Client writes are not quiesced or stalled during create: they proceed concurrently and are simply ordered relative to the snapshot’s read-view. A write that lands during create is either fully visible in both the dump and the manifest, or in neither — never half-captured. The result is a true point-in-time image under active load.

--no-verify skips step 4 (upload drain) and step 5 (HEAD probes). The snapshot still completes, the GC hold still applies, but the remote_durable flag is false. Use it when:

You want a fast local-only snapshot for an imminent risky operation (e.g., a config push that might break an adapter).
The remote block store is temporarily unreachable but the local block store is intact.

Restoring a remote_durable=false snapshot requires the explicit --force flag (§7). Without --force, restore refuses with ErrSnapshotNotDurable (HTTP 412).

`--retry` semantics

Snapshots fail when the orchestration cannot complete — a drain times out, the metadata dump errors, or the verify gate finds blocks missing on the remote. The failure mode is recorded on the snapshot row as state=failed plus an error string.

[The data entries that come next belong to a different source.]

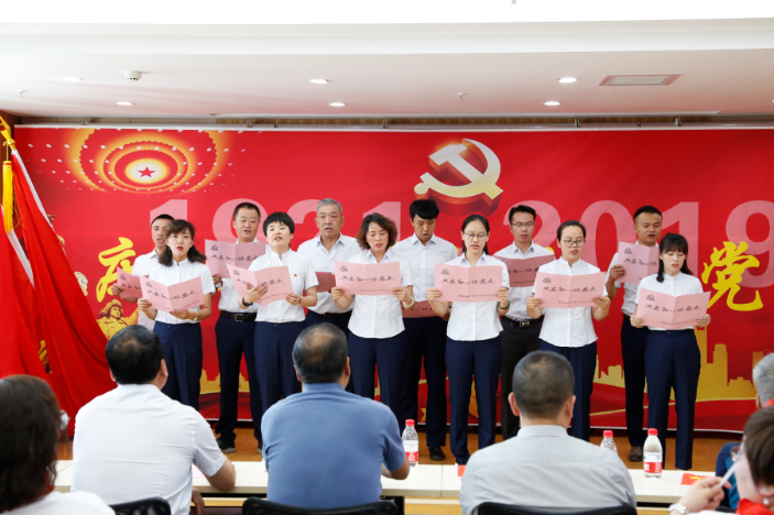 活動第一項,全體員工一同奏唱國歌,這一中國人心中最激昂的旋律,穿越時空,延續著我們中華民族的偉大傳統,凝聚著新中國的豪情壯志。接著,全體黨員共同重溫入黨誓詞,不忘初心,牢記使命。
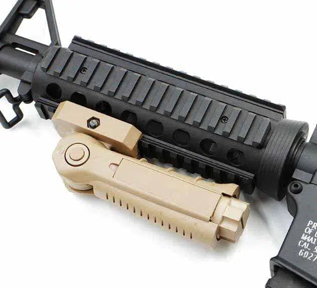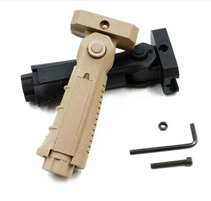 Transform your gel blasters with the Tactical Foldable Ambidextrous 5 Position UTG Foregrip. With 5 adjustable positions, ergonomics finger grooves, and concealed battery storage, this grip offers ultimate comfort and customization. Ambidextrous use of the pressure pad and easy slide-on mounting make it practical and versatile.
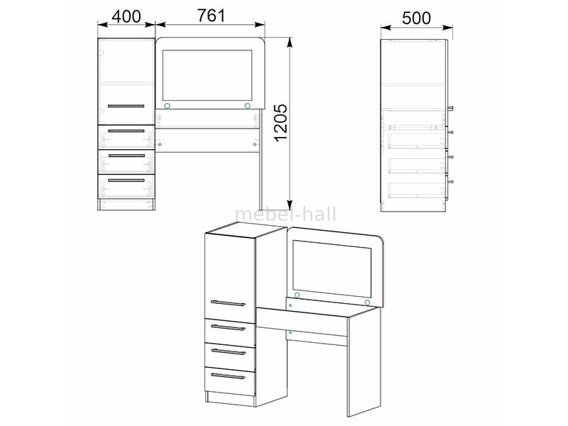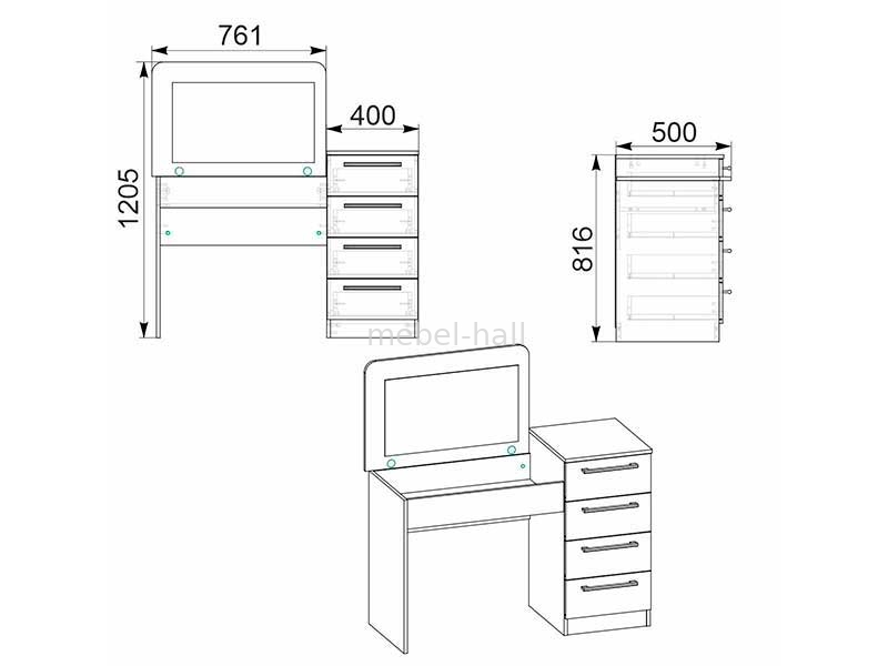 Материал: корпус трюмо изготовлен из ламинированного ДСП, кромка ПВХ, фасадная часть выполнена из ламинированного ДСП, задняя стенка ДВП.

--retry=<failed-id> re-runs the orchestration against the same snapshot row. The row’s state flips back to creating while the retry runs. On success the original ID stays — there is no second snapshot record — and remote_durable reflects the retry’s outcome.

$ dfsctl share snapshot list /photos --state=failed
ID         NAME       STATE    DURABLE  CREATED  SIZE
4c19fbe0   nightly    failed   no       6h ago   -

$ dfsctl share snapshot create /photos --retry 4c19fbe0-...-full-uuid
Snapshot 4c19fbe0-...-full-uuid queued on share /photos (state: creating)
Snapshot 4c19fbe0-...-full-uuid -> ready

Retry refuses if the target ID does not exist (404) or is not in failed state (409 Conflict).

5. Listing and inspecting

dfsctl share snapshot list <share> [flags]
dfsctl share snapshot show <share> <id>

list flags:

Flag	Default	Description
`--state`	`""`	Filter by state. One of `creating`, `ready`, `failed`.
`--name-prefix`	`""`	Filter by name prefix (case-sensitive).
`--no-relative`	`false`	Render `CREATED` as ISO 8601 instead of relative (“2h ago”).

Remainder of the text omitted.